**Task goal**
Transcribe all the data below exactly, leaving its pictures out.

**Recorded data**
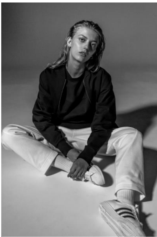
BK2306 TRACKTOP 12,000 円+ 税(自店販売価格) BK2297 TEE 5,490 円+ 税(自店販売価格) BK2289 SWEATPANTS 10,000 円+ 税(自店販売価格)
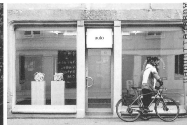
Dokustation Heimspiel 2024

Ausstellung bis 2. Februar, Kunst(Zeug)Haus Rapperswil-Jona. kunstzeughaus.ch
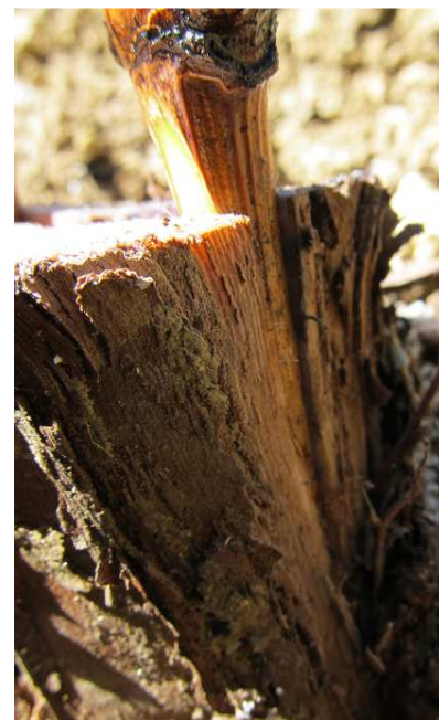
Greffon mal positionné (trop intérieur)

**Output**
BK2306 TRACKTOP 12,000 円+ 税(自店販売価格) BK2297 TEE 5,490 円+ 税(自店販売価格) BK2289 SWEATPANTS 10,000 円+ 税(自店販売価格)
Dokustation Heimspiel 2024

Ausstellung bis 2. Februar, Kunst(Zeug)Haus Rapperswil-Jona. kunstzeughaus.ch
Greffon mal positionné (trop intérieur)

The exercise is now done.